The Prime Minister said that the new agreement “reflects our determination to make every effort to move toward peace, while carrying forward the social and economic development of Israel, which is so urgent and vital to the Jewish people everywhere.” 

— September 11, 1975

25 Years ago

Cedar Village’s Edward Vincour dies 

Edward W. Vincour, president and CEO of Cedar Village since May 1999, died September 10. 

Vincour, who established the first Jewish hospice in Ohio, was a recognized leader in the field of aging and a pioneer in noninstitutional models of care. In 1991 he received the Dr.

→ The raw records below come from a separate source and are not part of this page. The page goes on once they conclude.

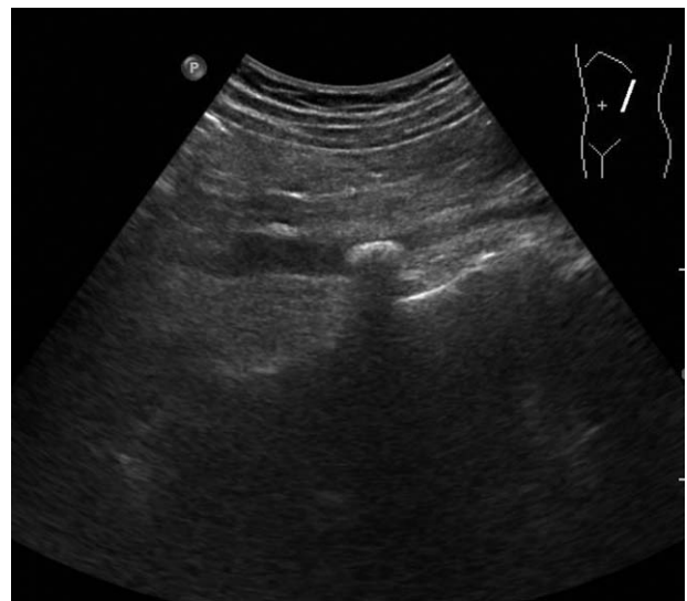
Figure 1. Gray-scale imaging to measure the calculus size and to confirm the calculus location and AS level. AS = acoustic shadowing.

All examinations were performed by a single ultrasonologist (with 7 years of experience) using a Philips iU22 ultrasound scanner (Philips Medical Systems, Bothell, WA) using a C5-1 curvilinear array probe. All patients underwent ultrasonography the day before lithotripsy. No special preparation was required for the patients with kidney or proximal/middle ureter calculi. Patients with calculi in the distal ureter were requested to moderately fill their bladders. Scanning started with gray-scale imaging to measure the calculus size and to confirm the calculus location and the presence or absence of AS (Fig. 1). After the largest and clearest image of the calculus was obtained, the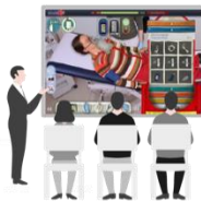
Classroom Education with abcdeSIM case scenarios

First, users have to acquire theoretical knowledge. In the e-learning part of abcdeSIM, all components are explained step by step. Each learning section has questions that users have to answer in order to move on to the next.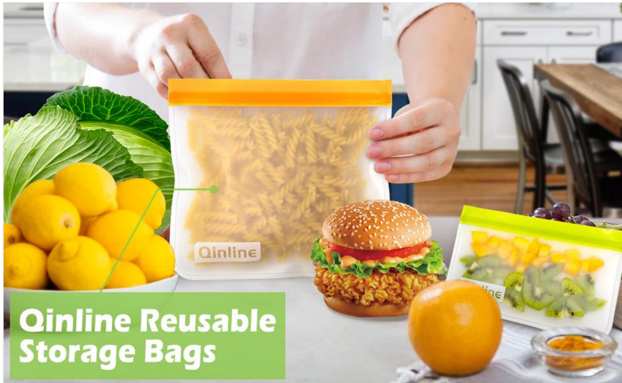
Image: A Qinline reusable storage bag filled with pasta, demonstrating its use for dry goods, alongside other bags and fresh produce in a kitchen setting.

Herbert Shore Young Executive Award from the North American Association of Jewish Homes for the Aged. 

Vincour was “very loved” by the facilities staff and residents, said Kim Morris, who handles public relations for Cedar Village. 

— September 14, 2000 

10 Years ago

Cedar Village and West Chester Hospital to collaborate on Fall Speaker’s Bureau 

This fall, Cedar Village is collaborating with West Chester Hospital on a three-part speaker’s series that is free to everyone in the community to attend. 

The first speaker in the series will address falls and how to prevent them in older adults—a timely lecture, as September is Fall Prevention Awareness Month. Falls are very common in our aging population, and learning how to handle a fall once it happens, as well as getting details how to prevent them from happening again, is crucial to keeping those in that demographic safe and out of harm’s way.